А отец Лёни, Станислав Францевич Реденс (кажется, из латышских стрелков), в прошлом видный деятель НКВД, еще раньше погиб в бериевских застенках. Такая же расправа, без сомнения, ждала и Лёню с братом, если бы не своевременное покровительство со стороны их всесильного тогда кузена Василия Сталина, который, как мы позже узнали, опекал братьев. И главное, конечно, если бы не своевременная кончина их великого родственничка, дяди Иосифа. Дальнейшая судьба Лёни Аллилуева ничем не примечательна и мало отличалась от судьбы других моих однокашников. Он окончил вместе со всеми институт, женился на девушке с нашего курса и попал по распределению на работу в институт Гидропроект. Там он и протрубил до самой пенсии, занимался проектированием гидротехнических металлоконструкций (затворов гидростанций, шлюзовых ворот и всяких других железных устройств). Некоторое время он работал в Египте на строительстве Асуанской гидроэлектростанции. В отличие от своего брата Володи, который позже написал воспоминания, Лёня никогда, нигде и никому не говорил о своем происхождении, о своих родителях. Не знаю, была ли это врожденная скрытность характера или заложенное с раннего детства неистребимое чувство страха.
За кожаной кепкой Лужкова
Мы шли на Поклонную гору. Именно шли, а не взбирались, так как той знаменитой возвышенности, откуда Наполеон когда-то обозревал сданную ему Кутузовым Москву, давно уже не существовало. Ее снесли в угаре урбанизаторского социалистического энтузиазма в точном соответствии с дерзкой гиперболой Маяковского: «А если Казбек помешает – срыть, все равно не видать в тумане».
Вместо горы перед нами простиралась плоская равнина с редкими рядами недавно посаженных худосочных деревьев – парк Победы. Широкие ступени вели к большой круглой площади, плотно одетой в бетон, камень и асфальт. В центре высилась трехгранная стела-штык. К ее верхней части бабочкой была прикреплена крылатая скульптура древнегреческой богини победы Ники, с ног которой свисали плохо различимые издали пухлощекие ангелы.
Стояла холодная слякотная осень. Туфли шлепали по грязной жиже мокрого снега. Я поскользнулся и чуть было не упал – под ногами блеснула черная зеркальная поверхность. Что это? Нет, это был не лед. Я внимательно пригляделся и увидел длинные широкие полосы гладко отшлифованных гранитных плит. Какие же они должны были быть дорогими! И неудобные для хождения по ним.

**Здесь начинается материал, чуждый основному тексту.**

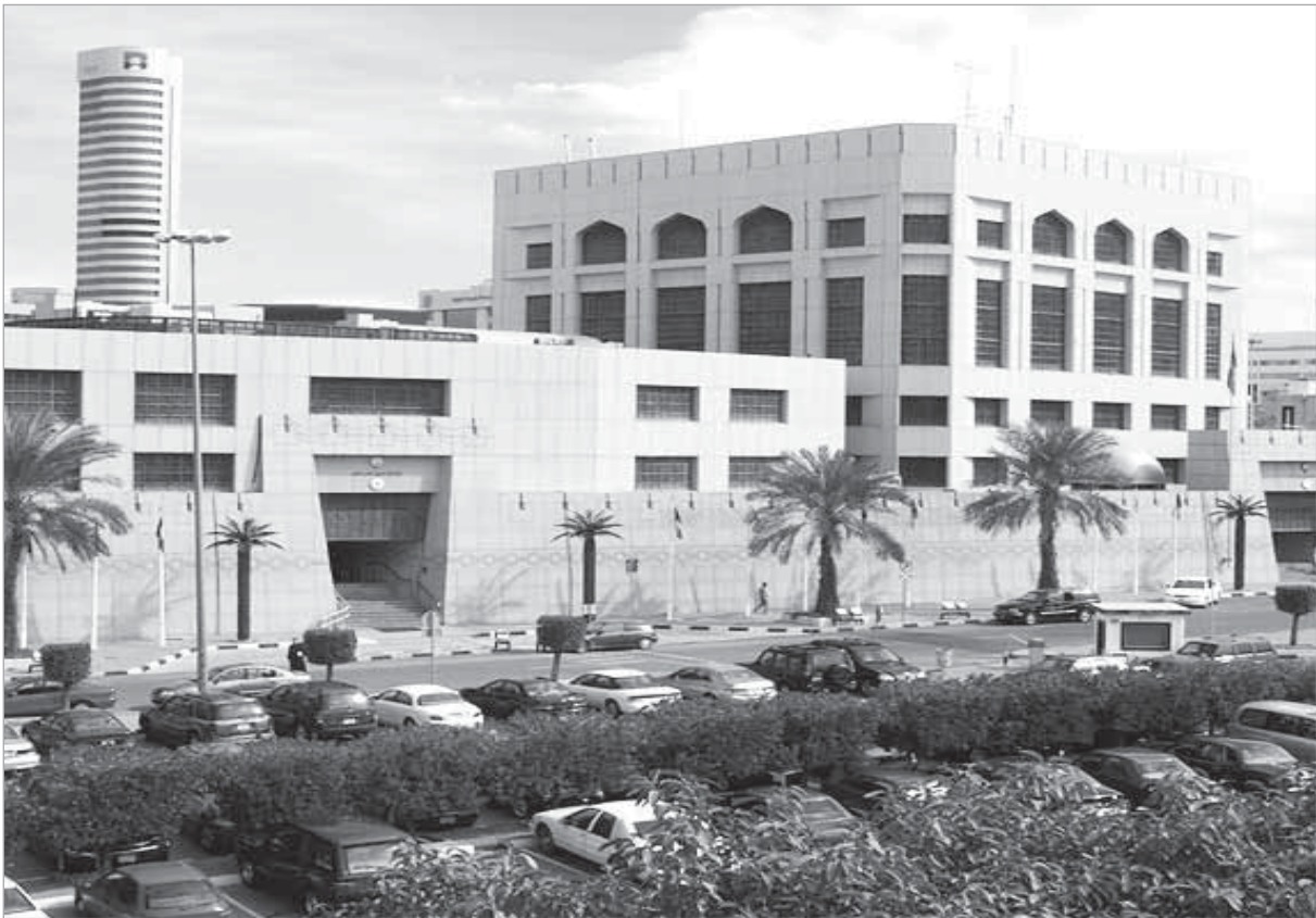
المركزي يواصل ضبط قيمة الدينار مقابل الدولار

رويترز: رفع البنك المركزي قيمة الدينار مقابل الدولار امس لاعلى مستوى منذ نحو 20 عاما مع انخفاض الدولار مقابل اليورو الاوروبي والسين الياباني بفعل مخاوف من أن يدفع ضعف أرباح الشركات الاميركية الاقتصاد نحو الكساد.

Но если бы дороговизна относилась только к ним – позже я узнал, что эти зачем-то полированные плиты были верхушкой «айсберга». Они служили только облицовкой гигантского железобетонного фундамента, стоявшего на толстых железобетонных сваях. На таком мощном ростверке мог бы прочно стоять целый небоскреб. А тут…
Огромные деньги были здесь в буквальном смысле зарыты в землю еще при Брежневе. Бровастый генсек когда-то задумал именно здесь построить главный монумент страны, посвященный победе над Германией во Второй мировой войне. А то как же? В Волгограде на Мамаевом кургане давно уже красовался грандиозный мемориал – «Родина-мать» скульптора Е.Вучетича. Подобные ему величественные памятники стояли в Белоруссии, на Украине, даже в самом Берлине в Трептовом парке.
А Москву обделили.
И к очередному юбилею окончания Великой Отечественной герой «Малой земли» решил исправить ту промашку, и вышло высочайшее Постановление. Вслед за этим заурчали на Поклонной экскаваторы и бульдозеры, застучали сваебойные станки, потекла бетонная смесь в арматурные каркасы фундаментной плиты.

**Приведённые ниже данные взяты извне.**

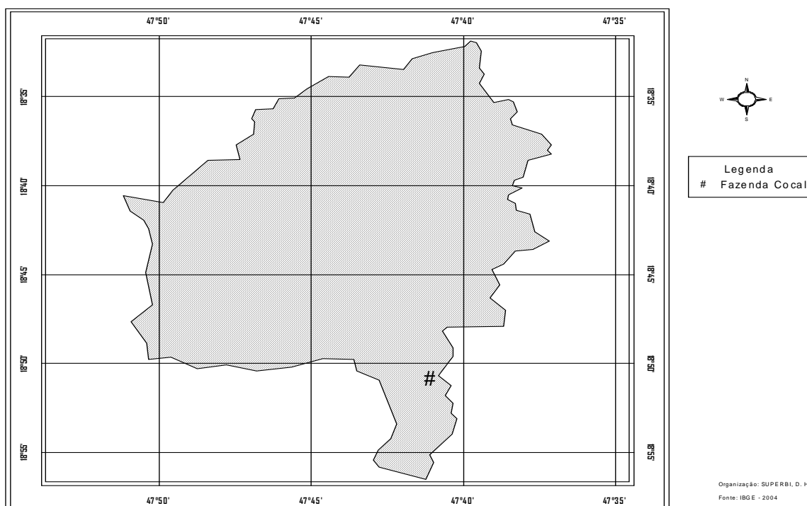
Figura 1 - Localização da Fazenda Cocal, Estrela do Sul (MG) Fonte: IBGE, 2004, Org: SUPERBI, D.H.A.

Por outro lado, quando a festa acaba e todos retomam sua rotina, o ambiente volta a se impregnar de práticas profanas, que passam a se manifestar diariamente através das relações econômicas e sociais estabelecidas nesse ambiente que, antes, era absolutamente sagrado.

Но потом вдруг грянула Перестройка, и все приостановилось. Вместо подьемных кранов, бетономешалок и сварочных станков закрутились вокруг будущего столичного мемориала разные архитектурные конкурсы, газетные статьи, общественные обсуждения, дискуссии. Что строить, зачем, почему? Так ничего и не решили. А потом и вовсе стало не до этого – начался развал государства, смена власти, рынок-базар, казна опустела.
Но вот пришел новый Хозяин и решил вопрос без лишней волокиты: строить! Сам строитель по образованию, Ельцин, наверно, поленился взглянуть на строительную часть проекта. Впрочем, если бы и взглянул, вряд ли понял нелепость совмещения разных архитектурных решений с одной и той же конструкцией фундамента.
Но дело было сделано. И теперь на мощных столбах-колоннах водрузилась огромная дуга помпезного Выставочного зала, а за ней купольный параллепипед Центрального музея Великой Отечественной войны. По обе стороны колоннады на крыше вздыбились бронзовые кони с трубящими в горны всадниками – вестниками победы.
И вот мы шли к этому зданию. Мы – это пестрая толпа, свита главного мотора-двигателя всех столичных строек века Юрия Лужкова. Он шел впереди, выделяясь своей знаменитой кожаной кепочкой, предназначенной для олицетворения его неуемной динамичности и близости к московскому плебсу.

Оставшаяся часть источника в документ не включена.